Adaptive interface thickness based mobility—Phase-field method for incompressible fluids

• Published in: International journal of multiphase flow Vol. 142; p. 103687
• Main Authors: Sharma, Deewakar, Coquerelle, Mathieu, Erriguible, Arnaud, Amiroudine, Sakir
• Format: Journal Article
• Language: English
• Published: Elsevier Ltd 01.09.2021; Elsevier
• Subjects: Adaptive interface thickness based mobility; Cahn-Hilliard equation; Engineering Sciences; Materials; Phase-field method; Two-phase flow; Adaptive interface thickness based mobility; Cahn-Hilliard equation; Two-phase flow; Phase-field method
• ISSN: 0301-9322; 1879-3533
• DOI: 10.1016/j.ijmultiphaseflow.2021.103687

•Phase-field method with Cahn-Hilliard equation for incompressible fluids.•Mobility evaluated based on local interface thickness.•Interface treated as local entity to attain equilibrium.•Test cases illustrating simple and stringent topological changes of interface. The ubiquity of two-phase systems has rendered them a subject of prime importance especially from numerical perspectives. Among several methods described in the literature, which are generally classified as sharp or diffuse interface methods, phase-field (diffuse interface) method has been at the paramount of several recent investigations owing to its several advantages, primarily to handle complex topological changes. Though several advancements have been made in the subject, one of the important challenges with this approach using Cahn-Hilliard equation lies in the determination of an appropriate value of mobility.
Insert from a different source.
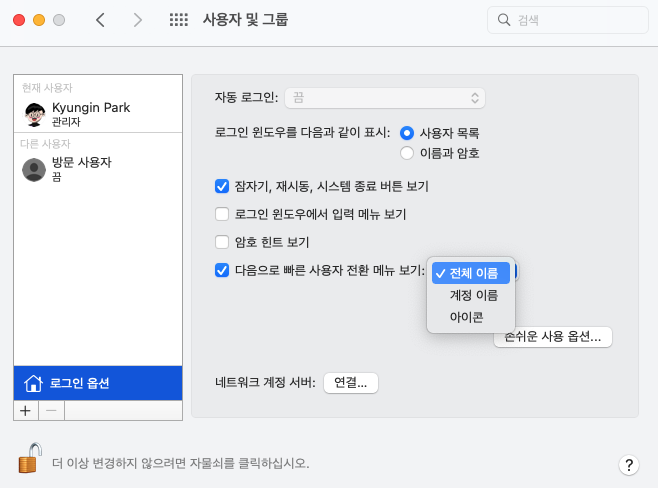 목록에서 '전체 이름'으로 선택하면 메뉴막대에 계정 이름(자신의 이름)이 나타납니다.

Despite certain propositions in the literature in terms of non-dimensional numbers (Peclet and Cahn numbers), ambiguity in the velocity scale to be chosen for evaluating mobility poses a challenge for their straightforward extension to real systems. In addition it renders the system to be dependent on numerical parameters. In the current work, we address this problem using a new approach to calculate the mobility parameter in terms of local equilibrium interface thickness which in itself is evaluated from the phase-field parameter. Consequently, this helps to make the model independent of numerical parameters making it more reliable. We test this approach for several canonical and complex cases, such as the rise of lighter bubble in a heavier medium, bubble coalescence, Rayleigh-Taylor instability. The results are compared with those in literature or obtained using level set method. An excellent agreement is observed illustrating the potential of this approach to make phase-field model more prominent.